One of Primo Levi’s poems (“Schiera bruna,” “Dark Band,” dated 13 August 1980) weaves a particularly poignant comparison between a colony of working ants and Levi’s memory of forced work in the Nazi concentration camp. The urbanized ants operate dangerously close to some metal trolley tracks, always in imminent danger of a violent death. After 14 lines, Levi’s poem, interrupted midway, takes a sudden turn: “I don’t want to write about it, / I don’t want to write about his band, / Don’t want to write about any dark band.”16 Levi’s memory of the forced labor in Auschwitz is so painful that he cannot continue observing the ants’ skilled and untiring working force, without an overwhelming sense of disconsolate dejection. Several poems in Levi’s volume have an animal as protagonist. “The Elephant” (dated 23 March 1984) is written in the animal’s first-person voice, as he protests against the absurdity of his death while descending into the Alps (a hint to his role during Hannibal’s second Punic war). He denounces his becoming an animal prisoner to human’s warfare, eradicated from his original land, and forced to die for a war that was not his. “Would you like to hear my story? It’s brief / The cunning Indian trapped and tamed me, / The Egyptian shackled and sold me, / […] / It was absurd that I, a tower of flesh, / Invulnerable, gentle and terrible, / Forced here among these enemy mountains / […] / I’ve hurled my useless dying trumpeting / at these peaks / Livid in the sunset: “Absurd, absurd.”17 Levi’s compassion for this animal forced to do what he does not want to is evident throughout the whole poem. Levi expresses in his poems a voice of emotion and of frustration, for himself and for other creatures who, like him, have suffered profoundly by not being in charge of their own destiny. Levi shows compassion for the animals of yolk in his works, for they, too have been enslaved and exploited. In another example, written on 30 September 1983, Levi’s poem “Pearl Oyster” (“Meleagrina”) makes explicit the same kind of pain which both human and non human experience. The pearl oyster speaks, concluding the poem: “I’m more like you than you imagine / Condemned to secrete, secrete / Tears, sperm, mother-of-pearl and pearls. / Like you, if a splinter injures my mantle / Day after day I cover it over silently.”18

I would submit that a large part of Primo Levi’s compassion towards the suffering of non-humans does, in fact, stem from Levi’s own first-hand experience of being a slave prisoner in Auschwitz, of having suffered profoundly (both physically and psychologically) while in the camp, and having succumbed to a complete lack of control over his own fate and survival in Auschwitz.

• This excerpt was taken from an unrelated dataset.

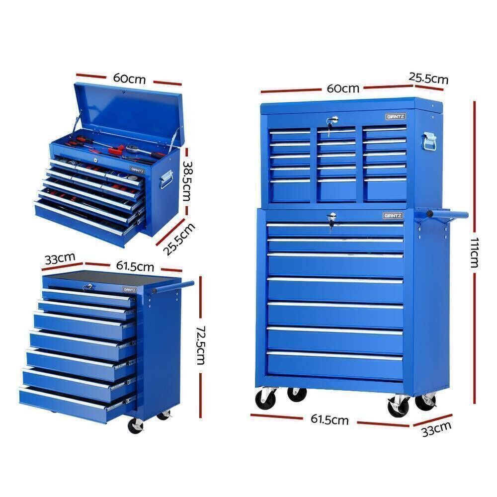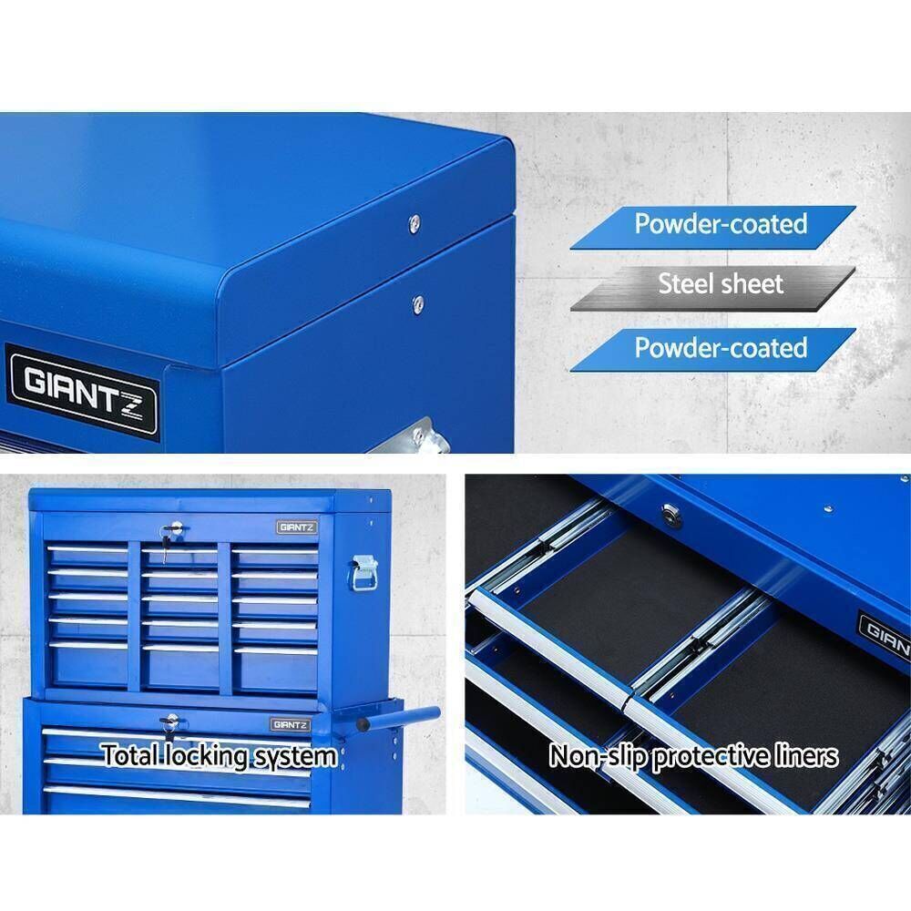 Giantz Tool Box Chest Cabinet Trolley 16 Drawers Toolbox Garage Storage Blue

Like the other Jewish prisoners, Levi knows first hand what it meant to be treated by the Nazis like an animal with no rights. The human agency lost in the camps indicates a full loss of the sense of being human, when ‘human’ is defined as having free will. In the camps “the transformation from human beings into animals was well on its way,” writes Levi in “Useless Violence” (The Drowned and The Saved). Whether one sympathizes or not with PETA’s ad campaign (the American Anti-Defamation League denounced the project as a horrid trivialization of the Jewish suffering in the Shoah), the fact remains that such a comparison of human and non-human sufferings constitutes a heart-felt topic, on both sides of the ideologies. By de-humanizing Jews and reconstructing their identity as akin to animals’, Nazis were able to habitually perpetrate murder and torture in the camps, for such is the a pattern that humans have used against animals for centuries, denying them any right to their own lives. Giving a voice to the voiceless victims of violence (humans and non humans) is a moral imperative that many theologies and civil-right movements consistently encourage.

Other Jews have compared their fate during WWII to that of animals. Some, in fact, protest that animals may have been treated better than Jews. Testimonies to this effect are indeed numerous. Piero Terracina, an Italian Jew who survived the horrors of the Shoah, said in an interview with Lia Frassineti that while he and his companions were being transported in the cattle car towards Germany, “while he tries to guess what his comrades are thinking, he asks himself what might happen today if some people were to hear, in a train station, the wailful lamentations of animals locked inside a wagon for hours without any food or water. He imagines that someone would call an animal protection agency and that the newspapers would report, scandalized, on this” (Frassineti 22).19

In his writings, Primo Levi – who is generally not militant in most political and social issues – finds a way to embed in between the lines, like other Jewish authors who survived the concentration camps and the Shoah, a strong implicit judgement on humans’ treatment of weaker beings, to include animals, and on how his own suffering has led him to be more compassionate towards others’ suffering. Levi writes about the connection that exists among the life forms of all beings on this planet, and about the responsibility that every human carries in never knowingly procuring harm against other forms of life.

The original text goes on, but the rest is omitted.